> Task to complete: From the data below, return only the lines from the one with "Police sources said" through the one with "Debate in the Basic course", exact and inclusive, with pictures left out.

(Beginning of Information supplied)

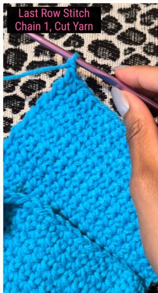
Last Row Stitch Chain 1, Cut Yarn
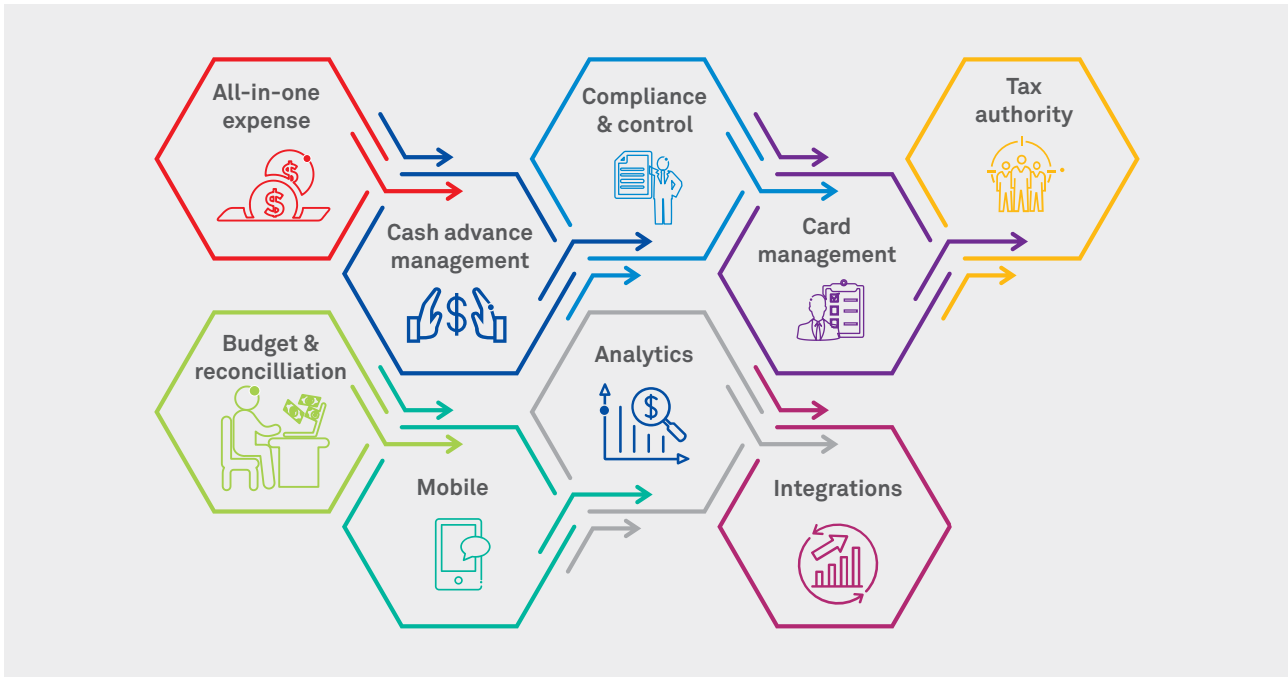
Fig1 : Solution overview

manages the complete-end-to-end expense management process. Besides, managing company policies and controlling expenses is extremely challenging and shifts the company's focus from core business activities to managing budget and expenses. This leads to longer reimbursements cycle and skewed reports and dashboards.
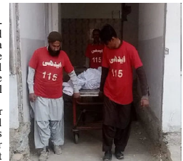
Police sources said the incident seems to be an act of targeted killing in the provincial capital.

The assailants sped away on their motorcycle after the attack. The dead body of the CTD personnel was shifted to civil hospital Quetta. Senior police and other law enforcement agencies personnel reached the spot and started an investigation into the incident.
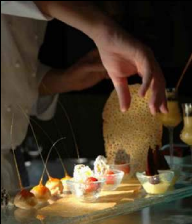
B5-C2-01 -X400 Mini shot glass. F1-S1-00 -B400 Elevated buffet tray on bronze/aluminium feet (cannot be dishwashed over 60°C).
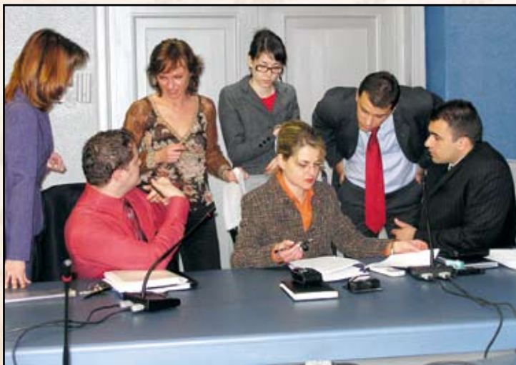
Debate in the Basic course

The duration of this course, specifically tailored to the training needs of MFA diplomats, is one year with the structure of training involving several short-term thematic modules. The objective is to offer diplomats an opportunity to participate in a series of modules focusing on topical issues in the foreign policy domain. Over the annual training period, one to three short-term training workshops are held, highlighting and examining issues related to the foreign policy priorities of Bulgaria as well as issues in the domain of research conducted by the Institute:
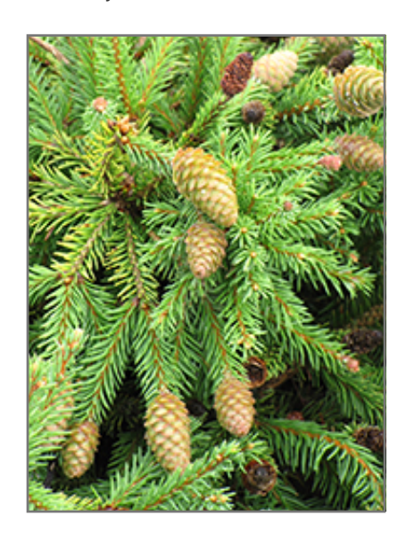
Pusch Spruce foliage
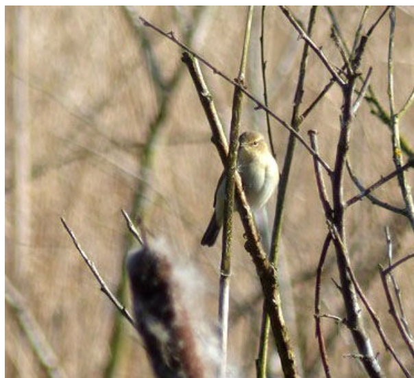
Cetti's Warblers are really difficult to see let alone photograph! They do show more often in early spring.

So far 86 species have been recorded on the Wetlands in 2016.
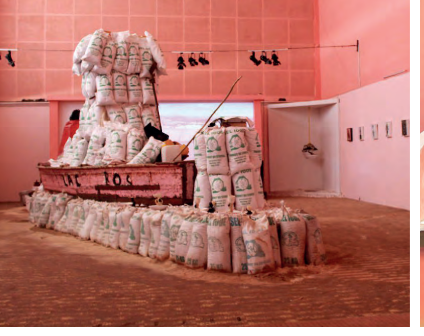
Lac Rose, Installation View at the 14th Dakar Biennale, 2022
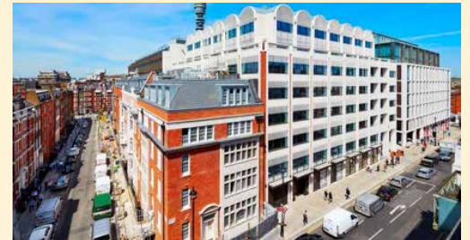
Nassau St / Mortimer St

(End of Information supplied)

> Task output:
Police sources said the incident seems to be an act of targeted killing in the provincial capital.

The assailants sped away on their motorcycle after the attack. The dead body of the CTD personnel was shifted to civil hospital Quetta. Senior police and other law enforcement agencies personnel reached the spot and started an investigation into the incident.
B5-C2-01 -X400 Mini shot glass. F1-S1-00 -B400 Elevated buffet tray on bronze/aluminium feet (cannot be dishwashed over 60°C).
Debate in the Basic course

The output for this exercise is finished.